Я взглянул на маленькую головку, и все мое тело похолодело, а по спине пробежал противный рой мурашек, затряслись руки, а дыхание сбилось. На скальпированной поверхности кожи лежало серое вещество.
– И как мы это будем шить? – с дрожью в голосе спросил я.
Анестезиолог качала через маску в легкие ребенка воздух, и, то и дело, поглядывала на его зрачки, раздвигая пальцами веки.
– Режьте же кто-нибудь на нем одежду! – сказала она.
Я взял со столика у кровати ножницы и попытался резать ими ткань, но тупые лезвия просто жевали края. Откинув их в сторону, попросил у своей медсестры нормальные ножницы из стерильной укладки, и начал разрезать кофту и майку на маленьком тельце. Полностью освободил торс, снял штаны и памперс.
Загудел аппарат для искусственной вентиляции легких, и анестезиолог вставила клинок ларингоскопа в рот малыша, и сразу провела в трахею интубационную трубку. Быстро подключила его к аппарату и набрала на нем необходимую частоту дыхания.
– Галя, – ищи у него вены, сказала она анестезистке.
Я глянул на его белые ручки, вены давно спались от низкого давления, и найти их практически невозможно. Но это надо было сделать.
Вены практически не прощупывались, и катетер упорно не желал попадать в русло.
– Черт, придется ставить ему подключичку, – выдохнула анестезиолог. – Всегда было сложно ставить ее детям.
Она вымыла руки, надела перчатки и начала обрабатывать кожу над правой ключицей.
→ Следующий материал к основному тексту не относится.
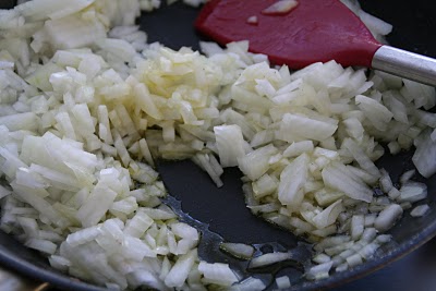 Ha litt olivenolje i stekepannen sammen med fettet fra bacon og stek løken til myk på middelsvarme. Hell løken i tomatsausen når den er ferdigstekt.

– Я боюсь ставить подклюк, – Анестезиолог обработала поле и взяла шприц с длинной иглой. – Надо как Козлов, шутить шутки, когда сильно волнуешься. Но ничего в голову не лезет.
Помню, что-то хотело сорваться с моих губ, что-то вроде анекдота, но я его лишь проглотил.
– Господи, помоги нам, пожалуйста, – и она начала искать подключичную вену.
Нашла, отсоединила шприц и начала вводить проводник, но он не шел, все время во что-то упираясь.
– Господи, ты будешь нам помогать?!
– Нашли вену, – раздался чей-то голос.
Катетер был вставлен в вену на правой ступне.
– Есть Рео-поликглюкин? – спросила анестезиолог, все еще пытаясь ввести проводник.
Я сразу оказался возле шкафа с растворами и нужный там находился. Медсестра реанимации взяла двухсотграммовый флакон и наладила капельницу.
– Лена, дай мне другой проводник, только пластиковый, тонкий… где-то у нас должен быть.
Перерыли несколько тумбочек, нашли.
Наконец проводник вошел. Анестезиолог вытащила иглу и ввела по проводнику катетер. Сразу же наладили вторую капельницу. Рео-поликглюкин перевели на подключичный катетер, а в вену начали капать что-то другое.
Пришел невропатолог, но врач сказала, что ему здесь нечего делать, у ребенка полная атония, и проверять какие-либо рефлексы просто бесполезно.
Мы стояли в стороне, совершенно не зная, что делать и чем мы можем помочь.
Анестезиолог отдавала команды медсестре, и она быстро набирала в шприцы указанные лекарства и вводила их по катетеру в подключичную вену. Уже были налажены датчики мониторинга кровяного давления, пульса и кислорода в крови.
Давление было низким – 60 на 40.
В ход пошли сильнодействующие препараты: атропин, кордиамин и бог знает, что еще.
– Что же мне это не нравиться? – говорила анестезиолог. – Лена, нужны электроды и провода. Где они лежат?
По каким-то немыслимым законам, очень долго искали разрозненные по всему отделению провода и электроды. Второпях, почему-то запомнил, оторвали дверцу одного из шкафчиков.
Нашли. Тут же наклеили электроды на четыре основные точки на груди малыша и подсоединили провода. Пошел мониторинг сердечных импульсов, но линия была уже практически прямой.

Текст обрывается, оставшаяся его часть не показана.